The exploration of subgroup analyses is extremely important for a scientific study [27]. Unfortunately, the above three papers conducted a subgroup analysis only using sex as stratification factor, and they did not test the interaction, which inhibits our exploration of true relationship between TG/HDL-C and baPWV. In the present study, we used age, sex, current smoking, ex-smoking, exercise status, fatty liver, BMI, hypertension, uric acid and alcoholic consumption as stratification variables in which just alcoholic consumption was found. Wakabayashi I [28] reported that alcohol drinking was inversely associated with TG/ HDL-C ratio in middle-aged Japanese men, but in subjects with hypertion and with diabetes, the same trend also was found in Japanese [29-31]. Besides, previous studies also reported that higher alcoholic consumption had significantly higher baPWV compared with those of light to middle alcoholic consumption [32-34]. These findings can be used for explaining the negative association between TG/HDL-C and baPWV observed in excessive alcoholics.

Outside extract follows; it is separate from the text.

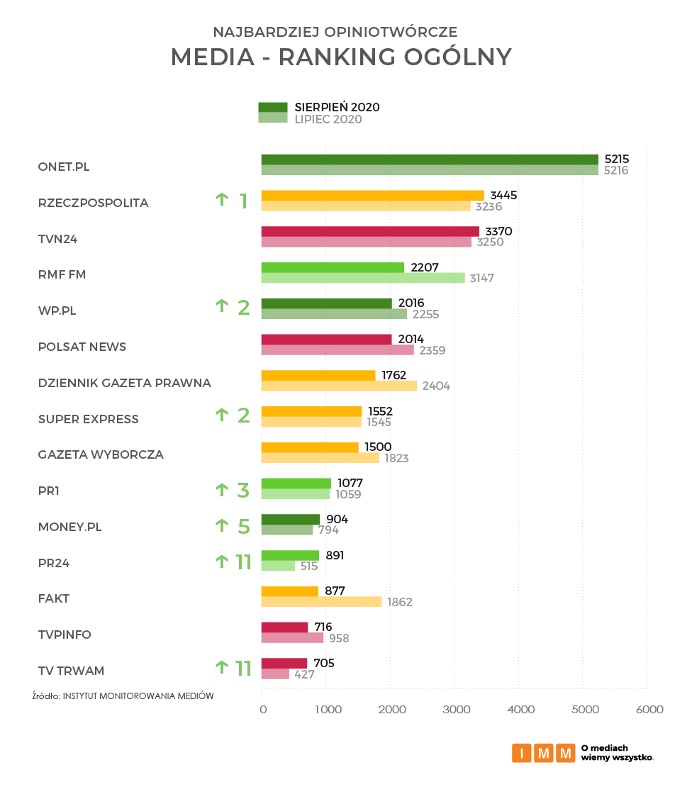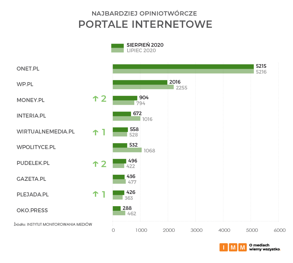 Na podium Onet.pl (5,2 tys. cytowań), za nim portal Wp.pl z wynikiem 2 tys. cytowań. Na miejscu trzecim ze wzrostem o dwie pozycje w stosunku do lipca Money.pl cytowany ponad 900 razy między innymi za sprawą wywiadu z początku sierpnia z ówczesnym ministrem zdrowia Łukaszem Szumowskim, w którym polityk zapowiadał większe kontrole odnośnie do przestrzegania zaleceń sanitarnych. Wzrosła również liczba cytowań portalu Wirtualnemedia.pl, na którego łamach redakcja m.in. informowała o zapowiadanych przez Krajową Radę Radiofonii i Telewizji nowych stawkach abonamentu RTV, a także o ponownym powołaniu Jacka Kurskiego na prezesa TVP.
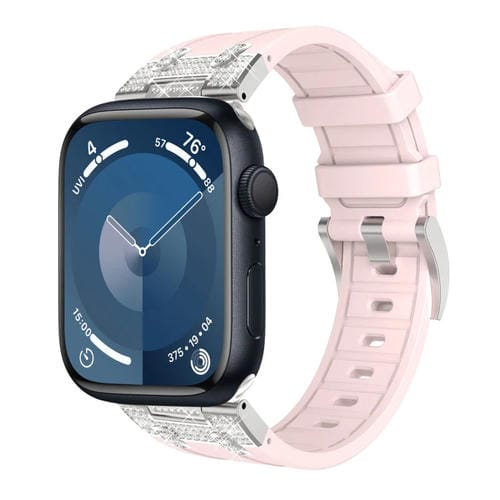 Correa de Silicona para Apple Watch Series 9 45mm con Diseño Cielo Estrellado y Diamantes (Rosa)

Our study has a number of strengths. First, we not only use the generalized linear model to evaluate the linear relationship between TG/HDL-C and baPWV, but also use the generalized additive model to clarify the nonlinear relationship. GAM has obvious advantages in dealing with non-linear relations and it can handle the non-parametric smoothing and will fit a regression spline to the data. The use of GAM will help us to better discover the real relationships between exposure and outcome. Second, this study is an observational study including unavoidable potential confounding, so we used strict statistical adjustment to minimize residual confounding. Although the previous study reported a linear association between TG/HDL-C and baPWV, we did not detect this relationship in our study after adjusting smoking, alcoholic consumption and other confounding factors which were not adjusted by previous study. Third, the effect modifier factor analysis makes the use of data better. The negative association of TG/HDL-C on baPWV in subjects with excessive alcoholic consumption is found in subgroup analysis.

There are some limitations in our study. First, this study is a analytical cross-sectional study and thus provide only weak evidence between exposure and outcome, and it is difficult to distinguish the cause and effect. Second, as the study population contains only Japanese, it may be not generalisable to other biographic ethic groups. Third, due to raw data limitations, we cannot observe the correlation between insulin resistance and (HDL-C) ratio and arterial stiffness. Similarly, we also cannot investigate the plasma levels of inflammatory markers such as tumor necrosis factor, interleukin, and high-sensitivity C-reactive protein and their possible correlation with (HDL-C) ratio and arterial stiffness.

Conclusion

The relationship between TG/HDL-C and baPWV is non-linear. TG/HDL-C is positively related with baPWV when TG/HDL-C was less than 5.6. In addition, the negative association between them is found in excessive alcoholic subjects.